The fact that he tried to consolidate all your debts into one loan and then shuffle it all off onto you makes me think your husband is being a bit sneaky, though. I’d double-check to make sure he didn’t get you to sign as the responsible borrower when you got the loan.
Your husband may not be as clever as he thought, however. Even if he had succeeded in shuffling all the debts into your name right before he filed for divorce, when you go through divorce proceedings, the court looks at all the marital assets and debts. They take many things into consideration, and attempt to split the assets and debts equitably. If he had finagled a debt consolidation loan in your name only, that doesn’t mean he’d get away without paying in divorce court. If you get good legal counsel for your divorce, they should help you get an equitable settlement, which includes not being saddled with more than your share of the debt.
In the meantime, here’s what you should do to protect yourself:
- Check to make sure your husband is a responsible party on the debt consolidation loan.
- Make sure all your other joint cards and bank accounts are closed. If you have any credit cards on which he is an authorized user (meaning he can spend but isn’t responsible for the balance), remove him as an authorized user.

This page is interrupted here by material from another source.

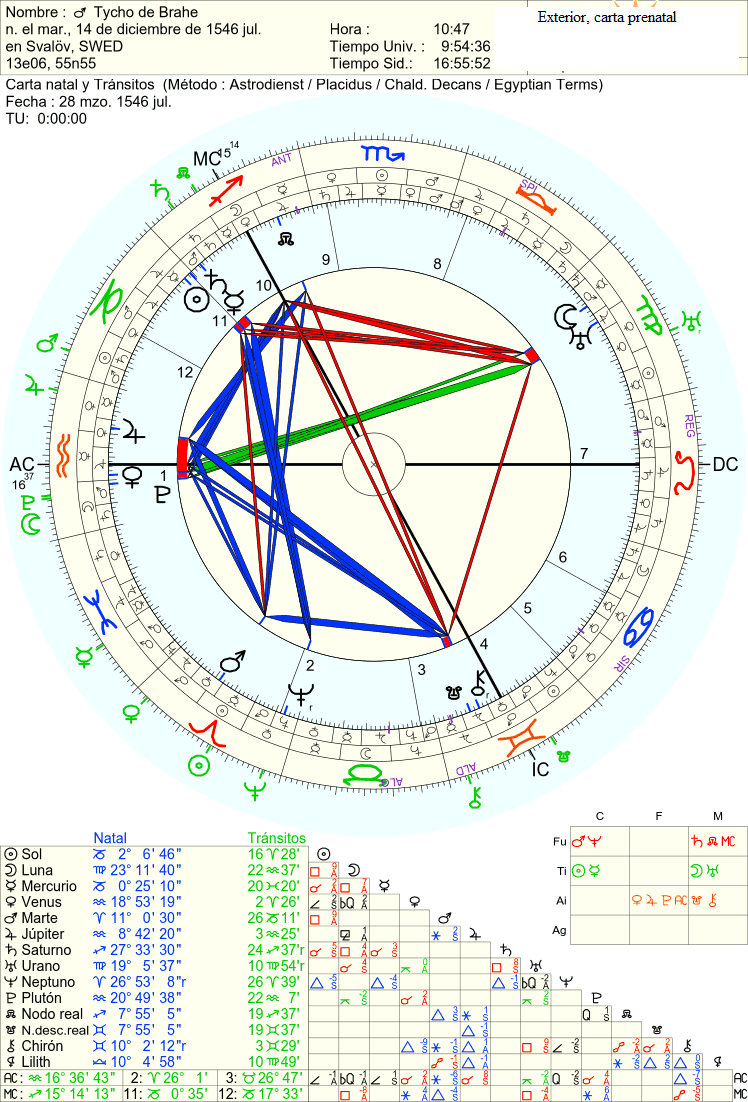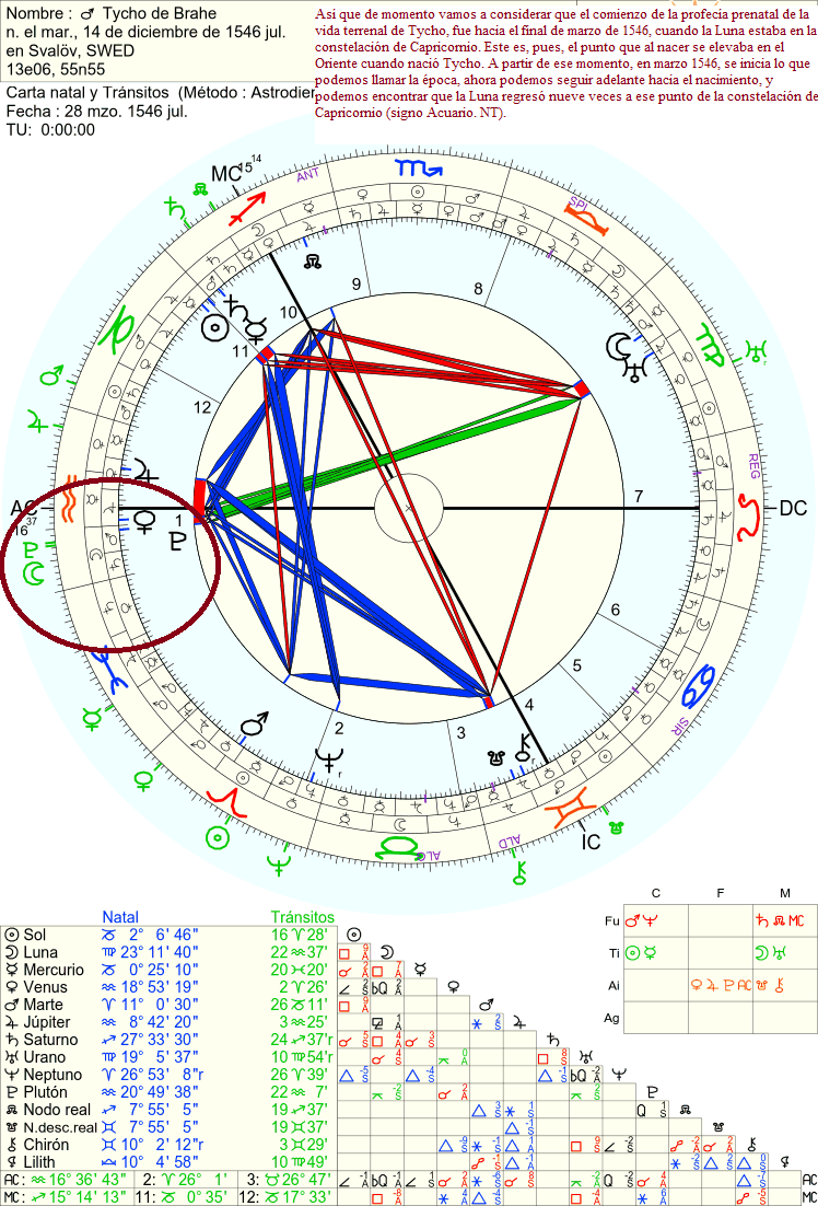 Ahora vamos a mirar de nuevo la natividad de Tycho de Brahe. Nació el 14 de diciembre de 1546. Por otra parte, se supone que su desarrollo embrionario duró unos 10 meses lunares de cuatro semanas cada uno. Por lo tanto, su concepción debe haber tenido lugar marzo 1546. Tenemos ciertos medios astronómicos por los cuales podemos definir más exactamente el momento de la concepción individual. Estos medios se derivan de muy antigua sabiduría que en parte se encuentra en lo que conocemos como la Regla Hermética de la antigua cosmología egipcia, pero que, en realidad, es mucho más profunda. Pero no podemos embarcarnos en esta cuestión aquí; es toda una ciencia en sí misma.

- Change passwords on any of your personal, financial and retail accounts he may have had access to. Change passwords on every online store account, including PayPal, Amazon and so on, while you’re at it.
- Put a fraud alert on your credit file. A fraud alert is not necessary in all divorce cases, but I’d get one in a hurry with someone as sneaky as this. The last thing you need is for him to open new accounts in your name – which is all too easy to do. A fraud alert is free and requires lenders to go through extra steps to make sure it’s actually you before they open accounts in your name. The alert stays in place for 90 days, but can be renewed after that. An alert prevents your husband from going online, answering a few easy security questions and getting brand new credit cards or loans while pretending to be you.
Although it could be tempting, don’t retaliate or try any of your husband’s tactics on him. It will only make things worse.
One positive thing in this situation is that all your other credit cards and other accounts should have been closed when you got the debt consolidation loan. That means he can’t try a common divorce trick – spending up to the limit on credit cards to splurge on luxury items, or just out of spite.
In the divorce negotiations, try to get the debt consolidation loan paid off with marital assets, if at all possible. It’s never a clean break with an ex as long as you have joint debt. Besides, the lender is not bound by the divorce decree. If the divorce court says you both have to make the payments, but he doesn’t pay his share, you’ll be stuck with it all. It’s better to sell real estate or cars if necessary, just to get any joint debt out of the way.
As soon as you know you are getting a divorce, you should start building your own financial life. If you don’t have separate bank accounts, get them. If you don’t already have one, consider getting a credit card in your name only to start building or rebuilding your credit. You may be surprised how well you can do managing your own money by yourself. Good luck as you take control of your money and your financial life!